LITHIUM BATTERY SURFACE DEFECT DETECTION BASED ON REINFORCEMENT ADVERSARIAL LEARNING

De Chen, Wenbo Qiu, Zhiwen Zeng, Xuexian Li, Qingdong Yan, Qin Zou

Keywords

Surface defect detection, GANs, RL, multi-scale feature fusion,atrous convolution

Abstract

Surface defect detection is crucial for quality control in lithium battery cell manufacturing. Due to the scarcity of defective samples, existing methods typically rely on generative adversarial networks (GAN) to generate defective samples and corresponding pseudo- labels, followed by the design of a deep defect detection network. This allows for the training of a competent defect detection model even with a shortage of defective samples. However, GAN models still face stability issues such as mode collapse. To address this, this study proposes a novel end-to-end trainable network that innovatively applies reinforcement learning algorithms to optimise the generation strategy of GAN. A reward mechanism is designed between the discriminator’s output and the generator’s production, ensuring robust changes in the GAN training gradient.
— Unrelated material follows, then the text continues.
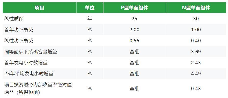 4、综合考虑电站全生命周期内N型多发电4.49%,采用N型组件项目投资财务内部收益率(所得税前)较采用P型高0.43%,此项收益折算单瓦EPC成本下降0.28元。

Experiments demonstrate that our proposed method has made significant progress in generating samples that are closer to the true data distribution. In addition, this study designs a multi-scale feature fusion and atrous convolution module to integrate multi-scale information, enhancing the detection capability of subtle defects. In test scenarios aimed at detecting small target defects, the model proposed by this research achieves state-of-the-art precision in segmenting small target defects on the surface of battery cells.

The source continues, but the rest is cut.